Crescent Rovers
- Full name: Crescent Rovers Football Club
- Nickname: Rovers
- Founded: 1947
- Dissolved: 2019
- Ground: Wallington Sports & Social Club, Wallington
- Chairman: Patrick Critchfield
- 2019–20: Surrey South Eastern Combination Junior Division Three (season abandoned)
| Home colours |

= Crescent Rovers F.C. =

Association football club in England

Crescent Rovers Football Club was a football club based in Wallington, Greater London, England. The club played at Wallington Sports & Social Club.

==History==

The club was formed in 1947 by a group of ex-servicemen in the Whitehorse Manor area of Croydon. The club originally started playing friendlies and were then elected to join the Thornton Heath & District League. The club then made progress through the leagues, eventually joining the Surrey County Premier League for the 1998–99 season. They stayed in the Surrey County Premier league until the end of the 2002–03 season, when the Combined Counties League created a new Division One formed by clubs from the Surrey Premier League. During their time in Division one the club went on to win the Division one cup beating Bookham in the Final 2–1. The club remained in the Combined Counties division one until the end of the 2009–10 season when they elected to drop down to the Surrey Elite Intermediate League.

==Ground==

Crescent Rovers play their home games at Wallington Sports & Social Club, Mollison Drive, SM6 9BY.
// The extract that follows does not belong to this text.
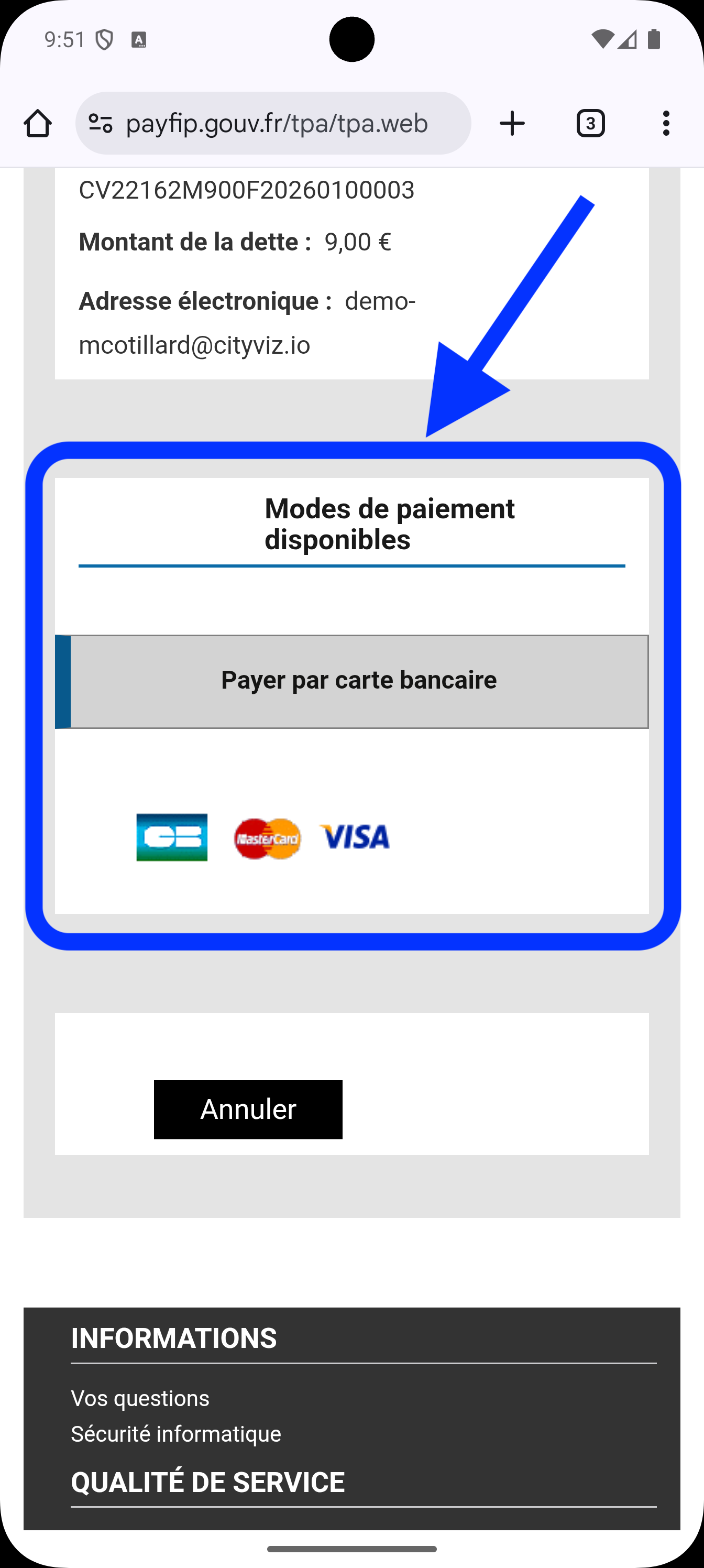 rafraĂźchir la page web de paiement (PayFiP ou PayZen) (CTRL+F5 ou SHIFT+recharger la page sur

The ground has neither permanent spectator facilities or floodlights, which makes them ineligible to take part in the FA Vase.

==Honours==

===League honours===
- Surrey South Eastern Combination Intermediate Division One:
  - Winners (1): 1997–98

===Cup honours===
- Combined Counties League Division One Cup:
  - Winners (1): 2004–05

==Records==

- Highest League Position: 7th in Combined Counties Division One 2004–05
- Highest Attendance: 55 in the 2009–10 season.